Friday, November 06, 2015

In Huge Win for Environmentalists, Obama Rejects the Keystone XL Pipeline

President Barack Obama, accompanied by Vice President Joe Biden and Secretary of State John Kerry, announce he's rejecting the Keystone XL pipeline because he does not believe it serves the national interest, Friday Nov. 6, 2015, in the Roosevelt Room of the White House in Washington. (Credit: AP Photo/Pablo Martinez Monsuvais)  Click to Enlarge.
People have marched and chanted, zip tied themselves to the White House fence, gotten arrested and carried a huge inflatable pipeline through the streets of D.C. They’ve sued, held vigils, and rode door-to-door on horseback, all in opposition to a massive tar sands pipeline.

Now, the six-year fight over that pipeline is finally coming to an end.

President Obama rejected the Keystone XL pipeline Friday morning after a meeting with Secretary of State John Kerry.  Obama said Friday that the State Department, in its final Environmental Impact Statement, found that the pipeline would not be in the country’s national interest.  “I agree with that decision,” he said.

Obama discussed three State Department findings on the pipeline Friday.  The pipeline, Obama said, would not “make a meaningful long-term contribution to our economy.”

“If Congress is serious about wanting to create jobs, this was not the way to do it,” Obama said.  Instead, Congress should pass a “bipartisan infrastructure” that would create more jobs than Keystone XL would, the president said.  If approved, the pipeline was projected to create only around 35 permanent jobs.

The pipeline also wouldn’t lower gas prices, the president said.  And “shipping dirtier crude oil into our county would not increase America’s energy security,” he said.

“What has increased America’s energy security is our strategy over the past several years to reduce our reliance on dirty fossil fuels from unstable parts of the world,” he said.

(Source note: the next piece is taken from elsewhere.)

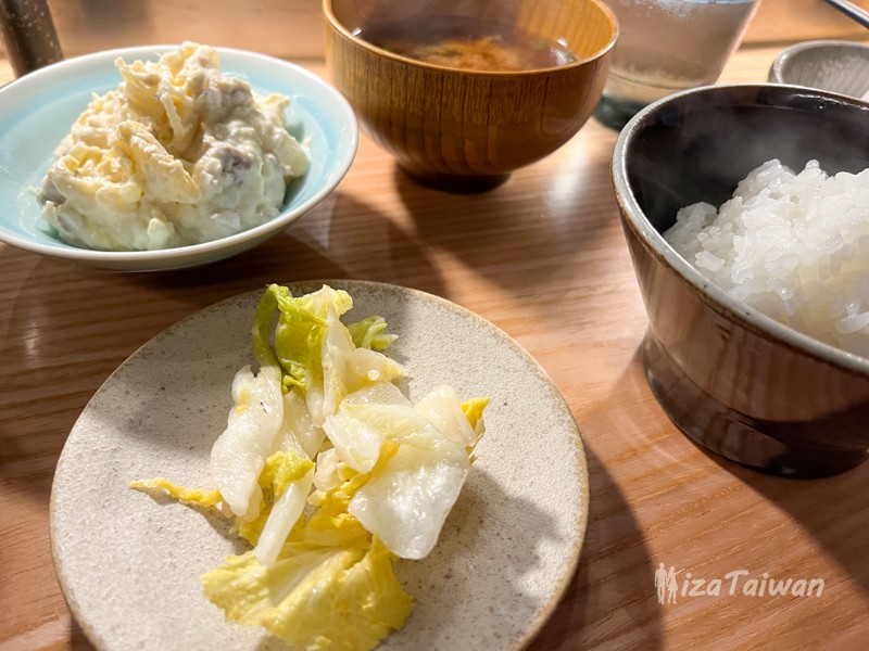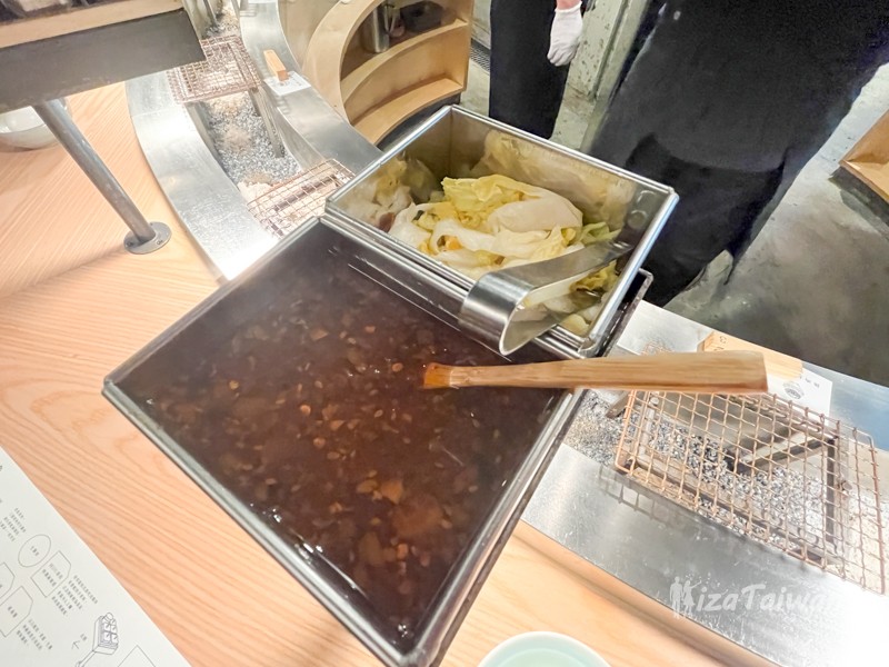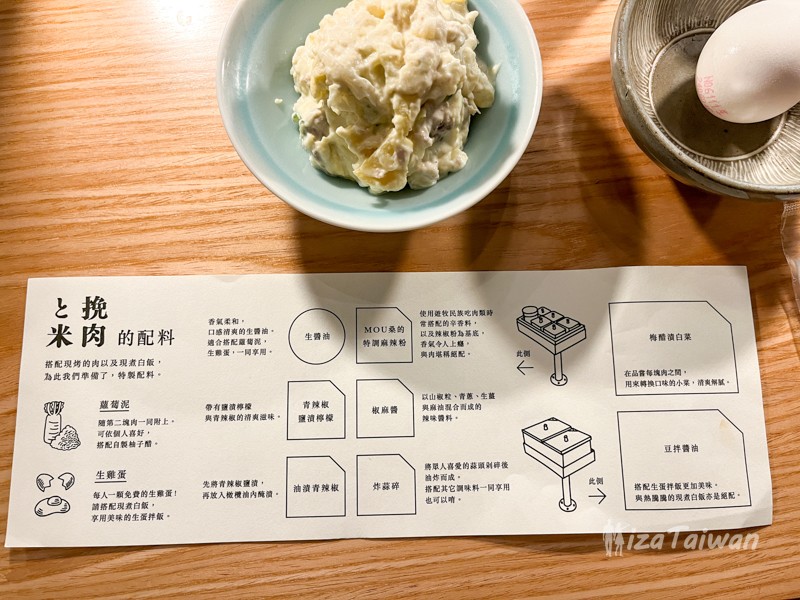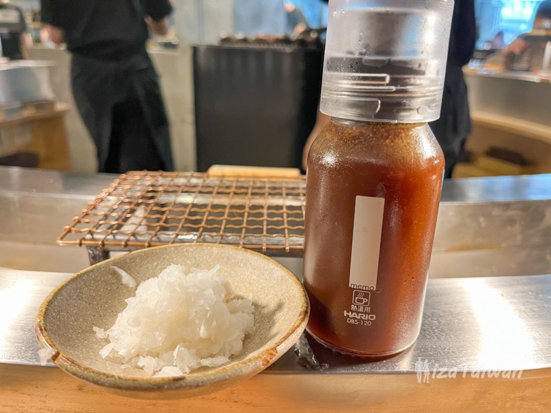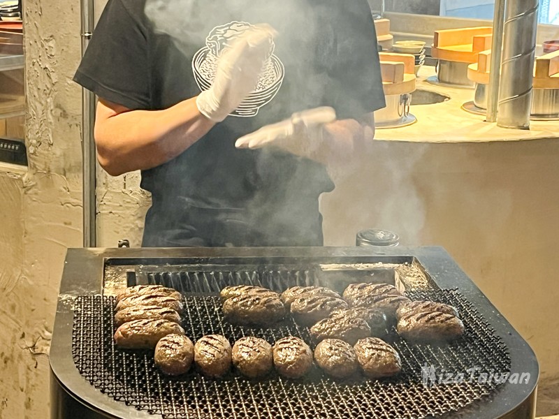 In addition, there are eight special sauces and two side dishes, such as broad bean sauce, pickled napa cabbage with plum vinegar, green chili pickled lemon, garlic oil, and Sichuan pepper sauce, allowing customers to create a variety of flavor combinations. It is recommended to taste the original flavor first to feel the meat juice and charcoal aroma. The second piece can be paired with the store's recommended grated radish and yuzu vinegar for a refreshing and non-greasy taste. The third piece can be made into a hamburger steak rice bowl by placing the raw egg on the rice, enjoying the rich yolk and meat juice blending together for a smoother taste. (Side dishes and drinks can be ordered separately)

The country must transition to a clean energy economy — something it’s already succeeding at doing, Obama continued.  America also needs to continue to be a leader in climate action — and approving the pipeline would have “undermined” that leadership.

“The time to act is now.  Not later, not someday, right here, right now,” Obama said.

In a statement, Secretary of State John Kerry said that the State Department also found the following when it reviewed the pipeline proposal:  its construction “raises a range of concerns about the impact on local communities, water supplies, and cultural heritage sites,” and it would “facilitate transportation into our country of a particularly dirty source of fuel.”